START Given entries
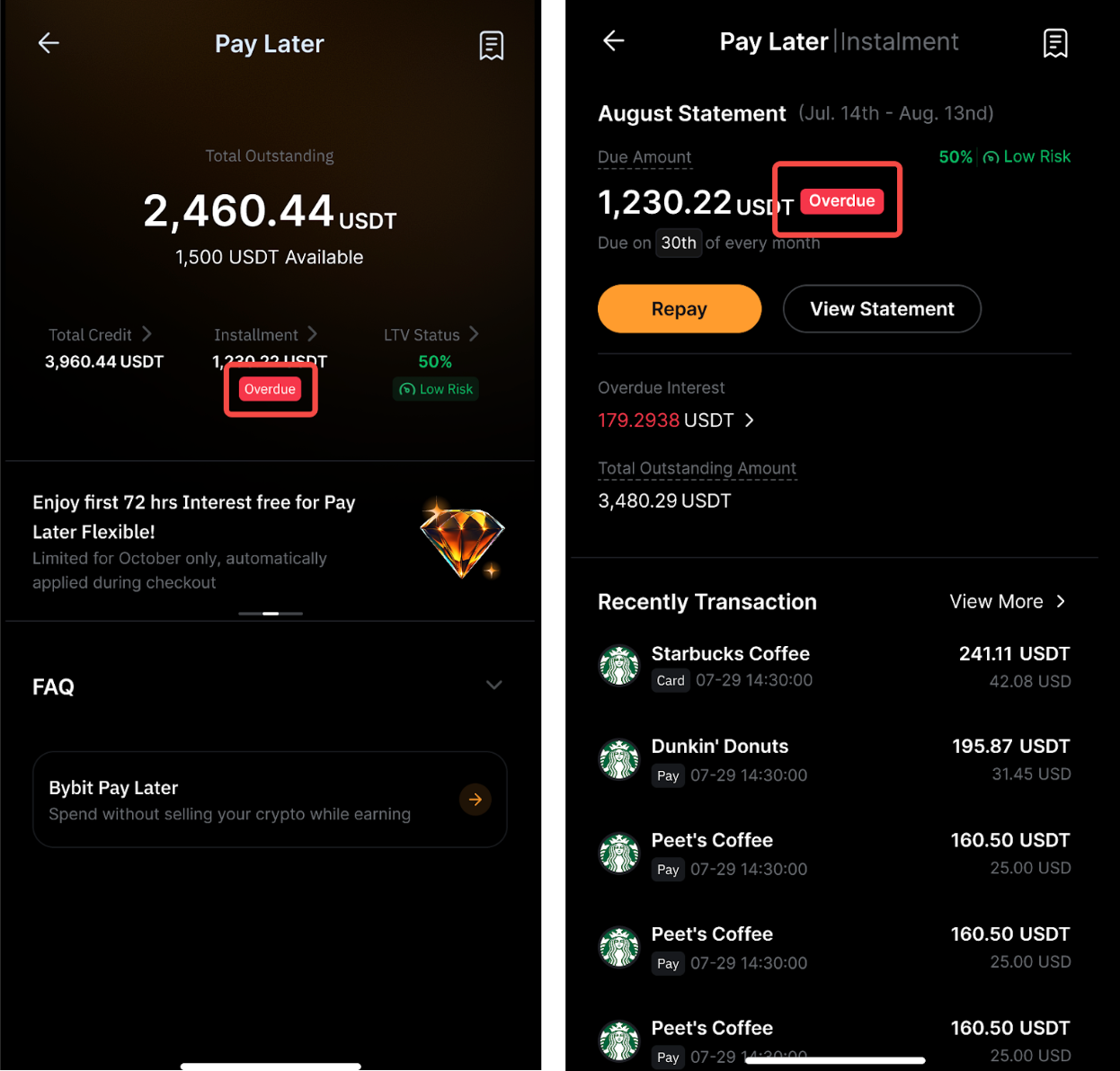 Вы увидите этикетку просроченной оплаты на странице Bybit Pay, Оплата позже и странице Выписка.
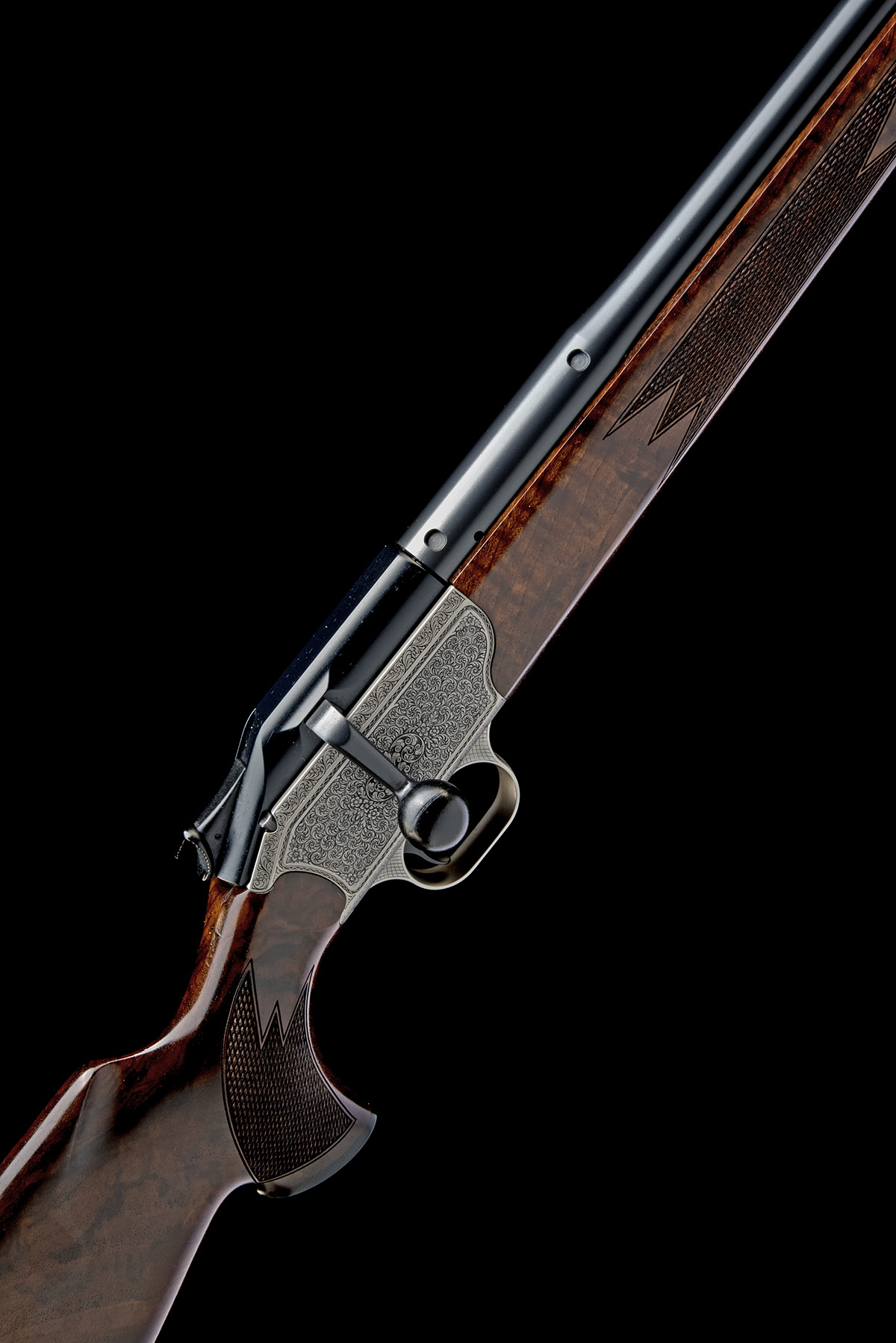 for 2005, 24in. .416 Rem. Mag. nitro barrel, dated 2005 and serial numbered 9/132356, ramp-mounted open sights, ramp-mounted blade fore-sight and ported at the muzzle, additional unsighted 22in. .308Win. nitro barrel dated for 2007 and serial numbered 9/160245, threaded at muzzle and with protector cap, quickly-detachable Blaser telescopic sight rail mount with 30mm rings, old silver receiver engraved with Grand Luxe 'Englische Arabesken', well-figured pistolgrip stock with pistolgrip-cap and white metal cap escutcheon engraved 'Davey' amid scrollwork (original cap insert in case), sling eyes, ambidextrous palm swell, 14 3/4in. pull including 3/4in. recoil pad, weight 8lb. 11oz. (.416 Rem. Mag) and 8lb. 6oz. (.308Win.), in its universal case with provision for both barrels
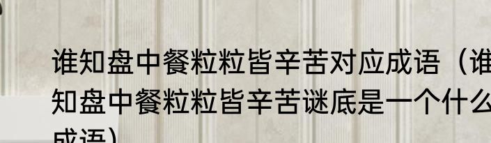 谁知盘中餐粒粒皆辛苦对应成语(谁知盘中餐粒粒皆辛苦谜底是一个什么成语)
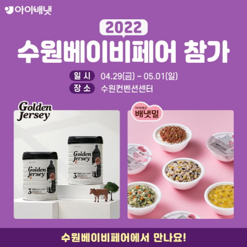 영유아 식품 전문기업 아이배냇이 4월 29일부터 5월 1일까지 수원컨벤션센터에서 열리는 '2022 수원베이비페어'에 참가해 자사의 유아식, 이유식 제품을 선보인다.아이배…
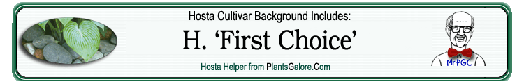 | 'First Choice' | Hybrid | 'Pin Stripe Sister' | Unknown | Malloy, Alex | (GENETIC BACKGROUND) 'Beatrice', 'Breeder's Choice', 'Elegans', 'Frances Williams', 'Pin Stripe Sister', 'Sieboldiana', Hosta sieboldii ++(SIMILAR.HOSTAS) 'Avalon', 'Frog School', 'Kismet' |
END Given entries
> Exercise brief: Reproduce every line above exactly, pictures excluded.

> Exercise output:
 Вы увидите этикетку просроченной оплаты на странице Bybit Pay, Оплата позже и странице Выписка.
 for 2005, 24in. .416 Rem. Mag. nitro barrel, dated 2005 and serial numbered 9/132356, ramp-mounted open sights, ramp-mounted blade fore-sight and ported at the muzzle, additional unsighted 22in. .308Win. nitro barrel dated for 2007 and serial numbered 9/160245, threaded at muzzle and with protector cap, quickly-detachable Blaser telescopic sight rail mount with 30mm rings, old silver receiver engraved with Grand Luxe 'Englische Arabesken', well-figured pistolgrip stock with pistolgrip-cap and white metal cap escutcheon engraved 'Davey' amid scrollwork (original cap insert in case), sling eyes, ambidextrous palm swell, 14 3/4in. pull including 3/4in. recoil pad, weight 8lb. 11oz. (.416 Rem. Mag) and 8lb. 6oz. (.308Win.), in its universal case with provision for both barrels
 谁知盘中餐粒粒皆辛苦对应成语(谁知盘中餐粒粒皆辛苦谜底是一个什么成语)
 영유아 식품 전문기업 아이배냇이 4월 29일부터 5월 1일까지 수원컨벤션센터에서 열리는 '2022 수원베이비페어'에 참가해 자사의 유아식, 이유식 제품을 선보인다.아이배…
 | 'First Choice' | Hybrid | 'Pin Stripe Sister' | Unknown | Malloy, Alex | (GENETIC BACKGROUND) 'Beatrice', 'Breeder's Choice', 'Elegans', 'Frances Williams', 'Pin Stripe Sister', 'Sieboldiana', Hosta sieboldii ++(SIMILAR.HOSTAS) 'Avalon', 'Frog School', 'Kismet' |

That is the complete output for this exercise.